▶ [Directions]: The answer is the data repeated in full, with no pictures included.
+===+
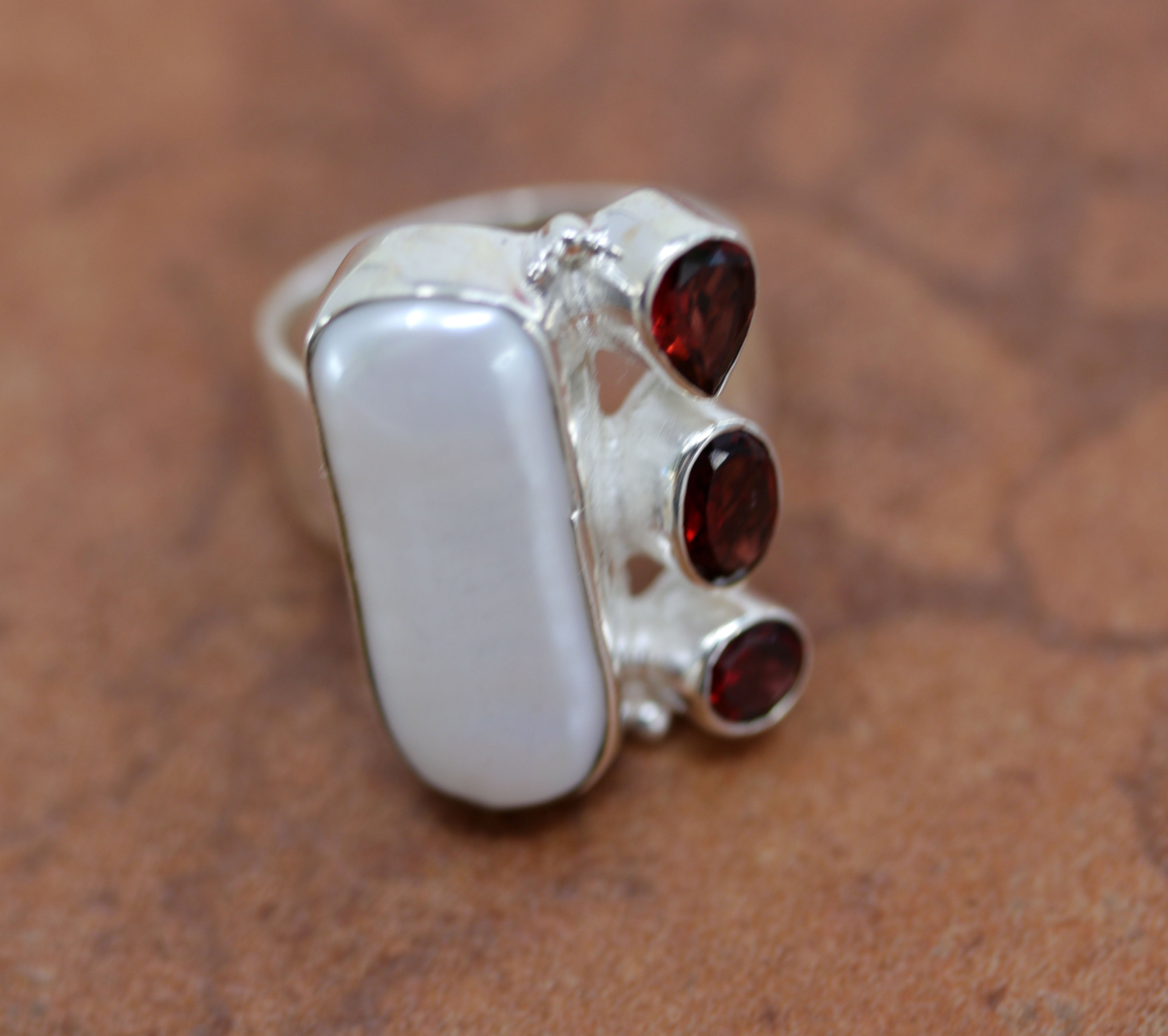 A beautiful Southwest Style gemstone ring made from sterling silver, freshwater pearl, and garnet. The ring size is 7 1/2 and it is 1" in length. This item is not Native American.
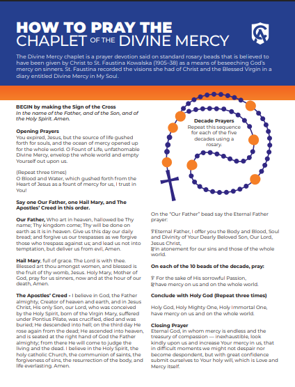 The Divine Mercy Chaplet is a wonderful prayer to add to your devotional life. Click the links below for more information on this powerful meditative prayer. This prayer can be recited on its own, in song, and as a novena.
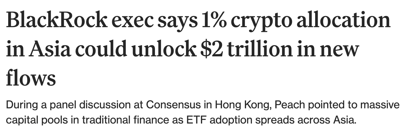De ce conteaza: Nu vorbim de retail, ci de reasezarea capitalului global. Daca Asia intra cu 1%, actualele preturi vor parea "mici copii". Nu uitati ca piata e acum undeva sub 2.5 trilioane. Putin hopium nu strica!
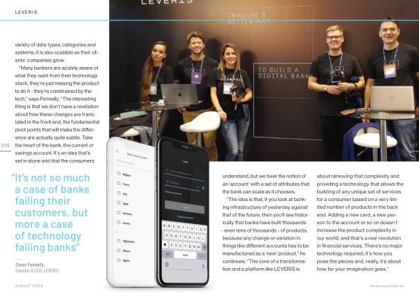 “ The idea is that , if you look at banking infrastructure of yesterday against that of the future , then you ’ ll see historically that banks have built thousands - even tens of thousands - of products , because any change or variation in things like different accounts has to be manufactured as a ‘ new ’ product ,” he continues . “ The core of a transformation and a platform like LEVERIS is about removing that complexity and providing a technology that allows the building of any unique set of services for a consumer based on a very limited number of products in the back end . Adding a new card , a new person to the account or so on doesn ’ t increase the product complexity in our world , and that ’ s a real revolution in financial services . There ’ s no major technology required , it ’ s how you pose the pieces and , really , it ’ s about how far your imagination goes .”
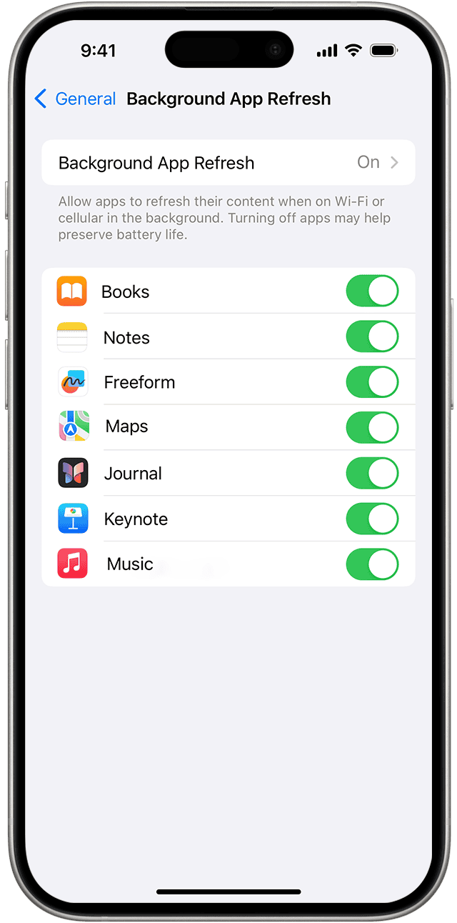 - Arka Plan Uygulaması Yenileme: Ayarlara, ardından genel, ardından arka plan uygulaması yenileme yapın. Ayrıca, belirli uygulamalar için arka plan uygulaması yenilemesini aç veya kapatabilirsiniz.
+===+
▶ [Response to this exercise]:
 A beautiful Southwest Style gemstone ring made from sterling silver, freshwater pearl, and garnet. The ring size is 7 1/2 and it is 1" in length. This item is not Native American.
 The Divine Mercy Chaplet is a wonderful prayer to add to your devotional life. Click the links below for more information on this powerful meditative prayer. This prayer can be recited on its own, in song, and as a novena.
De ce conteaza: Nu vorbim de retail, ci de reasezarea capitalului global. Daca Asia intra cu 1%, actualele preturi vor parea "mici copii". Nu uitati ca piata e acum undeva sub 2.5 trilioane. Putin hopium nu strica!
 “ The idea is that , if you look at banking infrastructure of yesterday against that of the future , then you ’ ll see historically that banks have built thousands - even tens of thousands - of products , because any change or variation in things like different accounts has to be manufactured as a ‘ new ’ product ,” he continues . “ The core of a transformation and a platform like LEVERIS is about removing that complexity and providing a technology that allows the building of any unique set of services for a consumer based on a very limited number of products in the back end . Adding a new card , a new person to the account or so on doesn ’ t increase the product complexity in our world , and that ’ s a real revolution in financial services . There ’ s no major technology required , it ’ s how you pose the pieces and , really , it ’ s about how far your imagination goes .”
 - Arka Plan Uygulaması Yenileme: Ayarlara, ardından genel, ardından arka plan uygulaması yenileme yapın. Ayrıca, belirli uygulamalar için arka plan uygulaması yenilemesini aç veya kapatabilirsiniz.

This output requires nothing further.